• AIM OF THE TASK: The answer is the set of lines that include "into", copied from the data below.

• DATA FOR THIS EXERCISE:

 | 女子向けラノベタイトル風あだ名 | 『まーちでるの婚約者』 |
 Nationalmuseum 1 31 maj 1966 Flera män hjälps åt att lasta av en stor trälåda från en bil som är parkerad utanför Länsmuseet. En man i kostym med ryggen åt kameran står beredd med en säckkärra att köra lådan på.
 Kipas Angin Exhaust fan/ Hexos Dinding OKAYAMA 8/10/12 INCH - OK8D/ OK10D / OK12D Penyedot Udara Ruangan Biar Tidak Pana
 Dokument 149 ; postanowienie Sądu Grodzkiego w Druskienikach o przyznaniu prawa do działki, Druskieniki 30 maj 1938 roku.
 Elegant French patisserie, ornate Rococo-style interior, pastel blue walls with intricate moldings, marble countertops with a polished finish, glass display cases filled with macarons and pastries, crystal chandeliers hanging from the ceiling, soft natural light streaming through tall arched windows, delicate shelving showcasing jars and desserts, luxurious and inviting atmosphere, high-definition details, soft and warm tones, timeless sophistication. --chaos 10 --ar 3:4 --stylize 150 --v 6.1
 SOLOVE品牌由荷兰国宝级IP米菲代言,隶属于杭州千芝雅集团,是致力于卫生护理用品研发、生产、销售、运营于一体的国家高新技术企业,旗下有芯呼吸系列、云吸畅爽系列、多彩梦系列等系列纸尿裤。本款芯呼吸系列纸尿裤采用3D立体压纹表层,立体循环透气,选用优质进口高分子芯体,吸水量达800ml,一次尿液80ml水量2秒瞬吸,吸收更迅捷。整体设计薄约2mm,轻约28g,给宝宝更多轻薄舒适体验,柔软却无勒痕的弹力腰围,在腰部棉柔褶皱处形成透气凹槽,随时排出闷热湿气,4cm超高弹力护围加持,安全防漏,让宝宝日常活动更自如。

* * *

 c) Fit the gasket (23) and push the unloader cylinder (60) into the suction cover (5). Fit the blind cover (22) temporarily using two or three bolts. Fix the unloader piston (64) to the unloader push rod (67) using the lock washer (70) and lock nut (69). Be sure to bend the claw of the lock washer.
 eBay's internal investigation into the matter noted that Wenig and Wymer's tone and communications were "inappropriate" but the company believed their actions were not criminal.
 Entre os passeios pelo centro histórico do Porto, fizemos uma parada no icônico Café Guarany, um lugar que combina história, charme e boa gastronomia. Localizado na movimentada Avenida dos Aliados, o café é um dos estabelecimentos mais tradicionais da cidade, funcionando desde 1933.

• TASK SOLUTION:
 c) Fit the gasket (23) and push the unloader cylinder (60) into the suction cover (5). Fit the blind cover (22) temporarily using two or three bolts. Fix the unloader piston (64) to the unloader push rod (67) using the lock washer (70) and lock nut (69). Be sure to bend the claw of the lock washer.
 eBay's internal investigation into the matter noted that Wenig and Wymer's tone and communications were "inappropriate" but the company believed their actions were not criminal.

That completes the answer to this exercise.